In my own private utopia, whether I'm talking to friends or writing of the cinema, the conversation often meanders to "The Thing With Two Heads," a grade-L schlock fest from 1972. The movie is not bad enough to be deemed "grade Z," because it doesn't take itself too seriously.
Oh, giddy lightness, frolic forth, the bewitched, bothered, and bewildered beheading.
Last summer, as it so happened, we raced 400 miles from the beach, so I could deposit Donna at our house, and then U-turn 100 miles into Atlanta for the evening's dusk-to-dawn Drive-Invasion program at the Starlight Drive-in Theatre.
The pièce de résistance?
"The Thing With Two Heads."
When it comes to no-brainers, I am there.
I snapped this screenshot because I've always been intrigued by people who set off their names with punctuation marks. Is the punctuation actually part of their names? I believe it is.
I spent decades trying to fix up "Rosey" Grier with 'Tippi' Hedren, so they'd make a little %Junior%.
In the flick, Ray Milland, the distinguished Oscar-winning actor of "The Lost Weekend" (1945), is a rich chap who finds his head grafted onto a brother, as the advertisements so deftly described. Here, honor me to recite the whole pitch for you:
"They transplanted a white bigot's head onto a soul brother's body! The doctor blew it -- the most fantastic medical experiment of the age. And now, with the fights, the Fuzz, the chicks and the choppers ...Man, they're really in deeeeep trouble!"
Wow. That's a flashback! Hearing those splendid words again are as powerful today as they were at my wedding.
Have I mentioned how pleased I am that the toupee made it through the transplant unscathed and, apparently, freshly shellacked? The clinical operation on the Milland pelt was touch and go and "more glue" there for awhile.
The above scene is from the very long, action-unpacked motorcycle chase, which provided many out of work stuntmen and stunt fake heads a day's wage.
Somehow, you may have noted, the lads picked up a hitchhiker en route and I have the sudden urge for Double Stuf Oreos. I'll be back after the next photo....

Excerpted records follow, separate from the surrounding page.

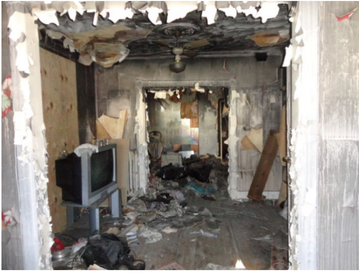
296 Sheridan Ave 09.JPG
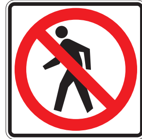
R9-3a 450 x 450 mm (18 x 18 in) min. Black and red on white
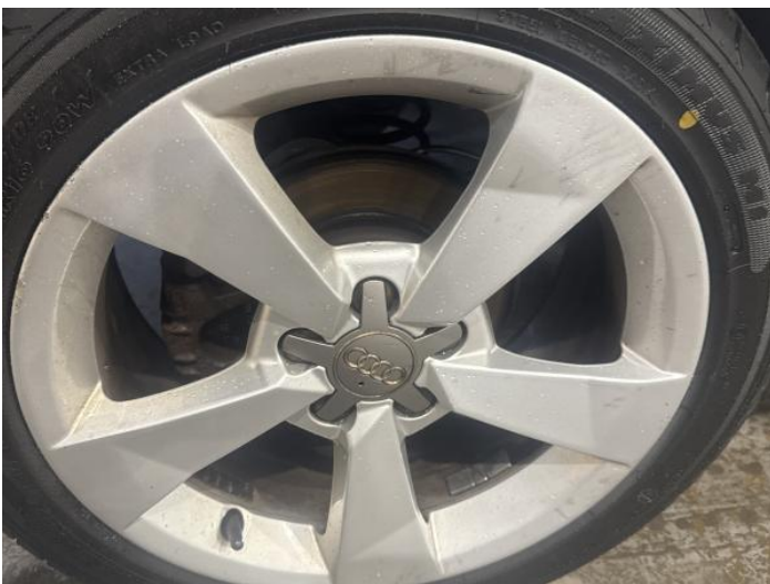
7: Wheel osr Scratched Over 50mm
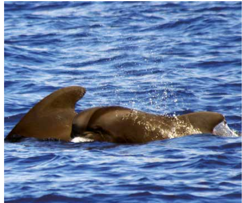
Pilot whales, mother and calf.
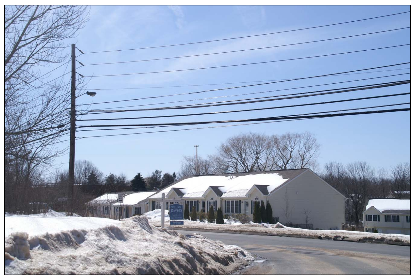
Photo Simulation 7 – View from the north corner of Bear Mountain Road and Pembroke Road, looking southwest. Distance to site is approximately 0.25 mile. Winter condition. Monopole is shown with one array of antennas.
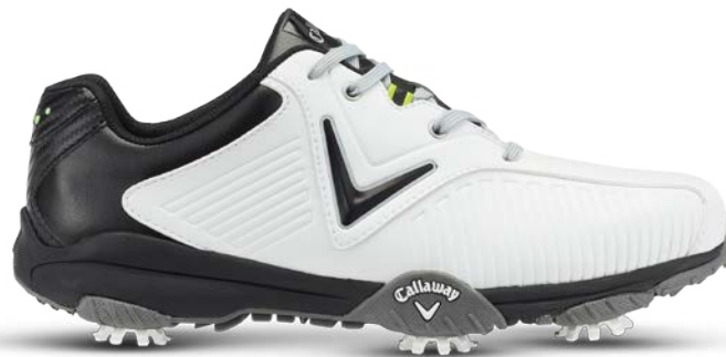
M541-01 M542-01 WIDE WHITE / BLACK

The new leather version of Chev Mulligan is fantastically lightweight, waterproof and will perform for 18 holes straight out of the box.
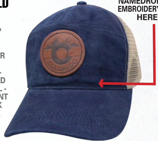
NAVY / KHAKI / COLORADO #SROTNCO

7 PANEL CAP - PRINTED/EMBOSSED FAUX LEATHER APPLIQUE ON CROWN - PIGMENT DYED CROWN & BILL - RELAXED FRONT - MESH BACK - SNAPBACK CLOSURE
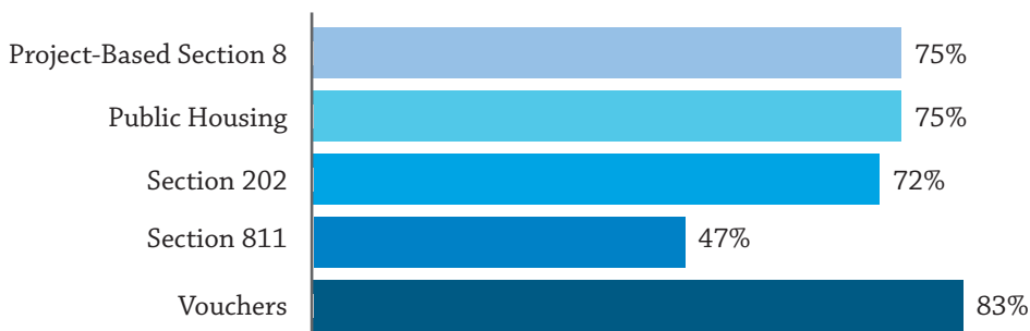
chart 1 | PERCENTAGE OF FEMALE-HEADED HOUSEHOLDS BY HOUSING PROGRAM
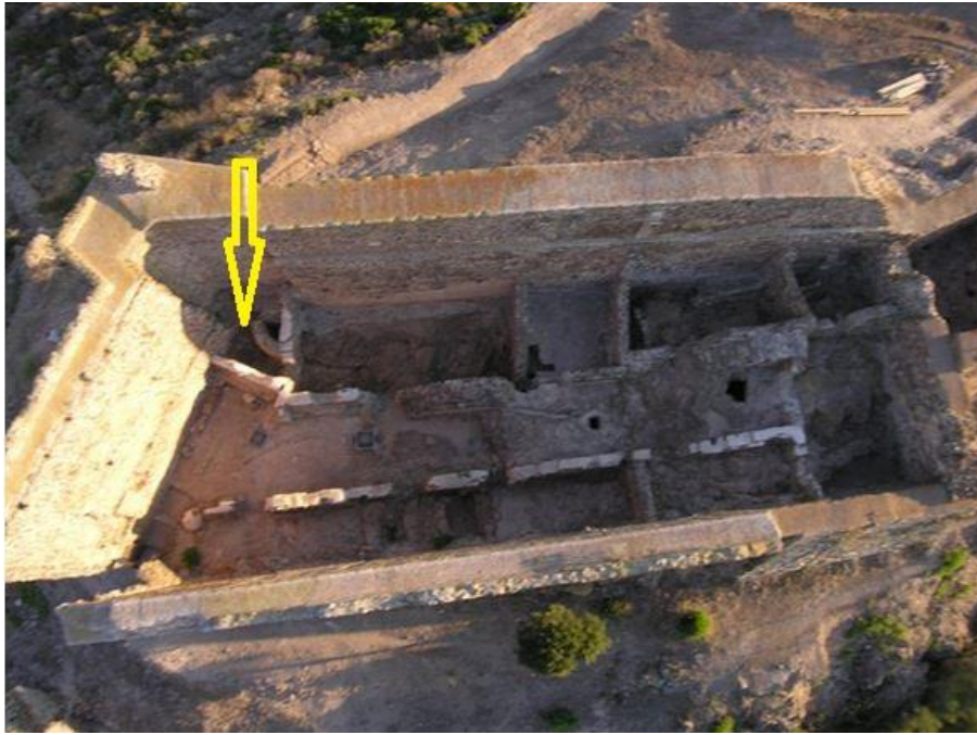
Fig. 2 - The keep seen from above with an indication of the alpha room (reconstruction by M. G. Arru).
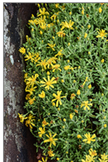
Goldhill Golden Aster flowers
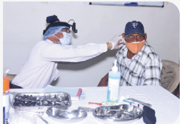
Medical Camp in Munnar (left) & in Ponda (right)
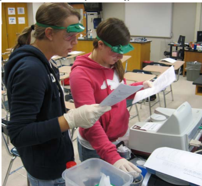
South Williamsport High School chemistry students try to determine the identity of unknown organic liquids.

At Shikellamy High School , the physics students of Colleen Ruths performed the lab Ohm's Law . Her students used the Vernier circuit boards, differential voltage probes and current probes to determine the relationship between current, voltage and resistance in a circuit. The students also performed the lab Series and Parallel Circuits . They studied current and voltages in series and parallel circuits using the Vernier circuit board. In addition, the students used the circuit board to perform the lab Capacitors where they measure an experimental time constant of a resistor-capacitor circuit and compare it to the value predicted from the component values of the resistors and capacitance.
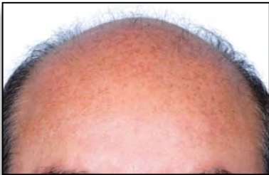
Hairline before the procedure
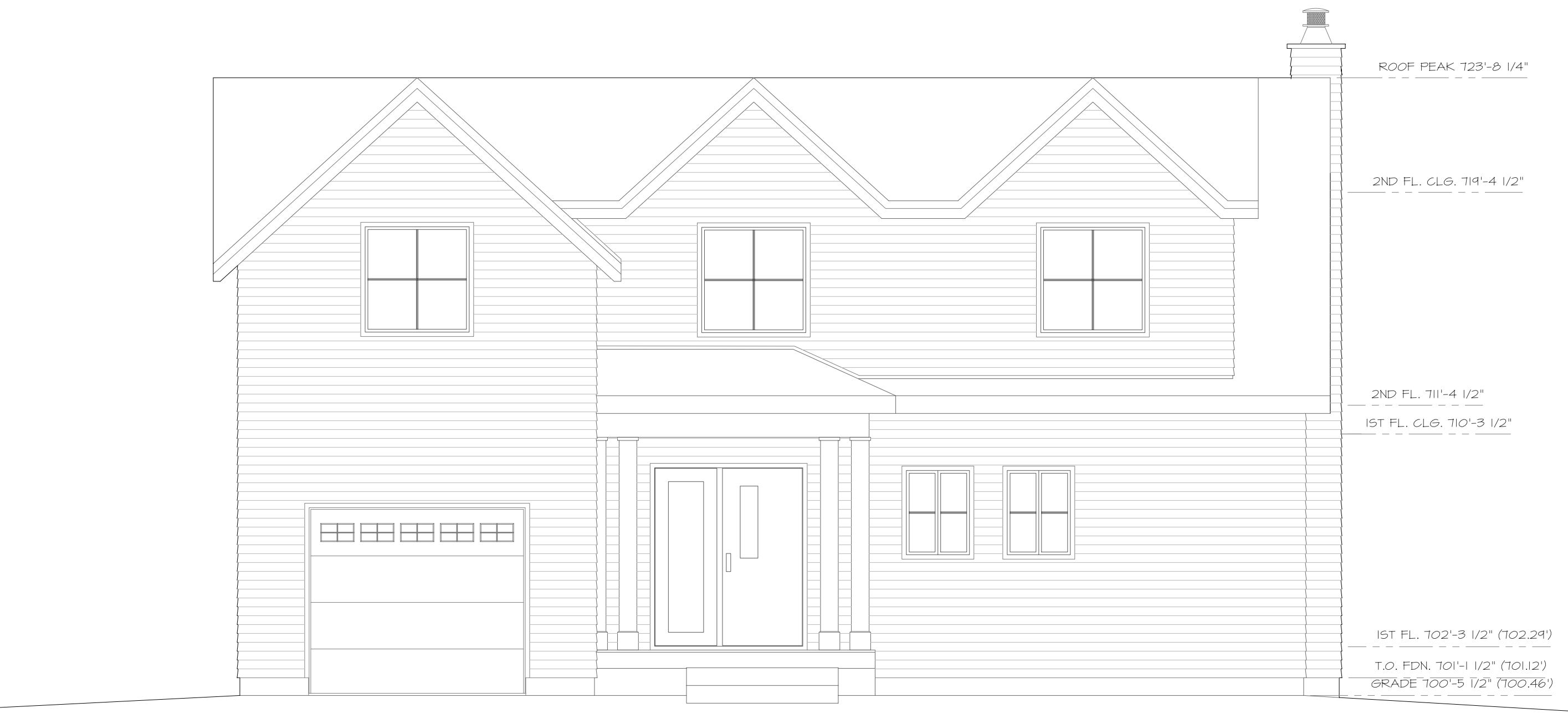
PROPOSED WEST HOUSE ELEVATION

Doesn't she know cigarettes are baddddddd for healthy memories of one's -- or is it two's? -- discarded lungs?
"No, thank you, milady," says Dr. Marshall Kirshner, surgeon, racist, puppet show. "We're gonna need a bigger coat."
"And more quotes," says """Rosey""".
"I've got chum in the oven," says the lass, leading the gentleskulls to a monstrous dinner partay.
No matter how many times I've seen "The Thing With Two Heads," I never fail to come away with the same thrilling, inspirational conclusion.
--Yeah. Yeah. Brotherhood. Tolerance. That, yeah, who wouldn't?
No, what I'm saying is: The turtleneck ... is always ... a happening look.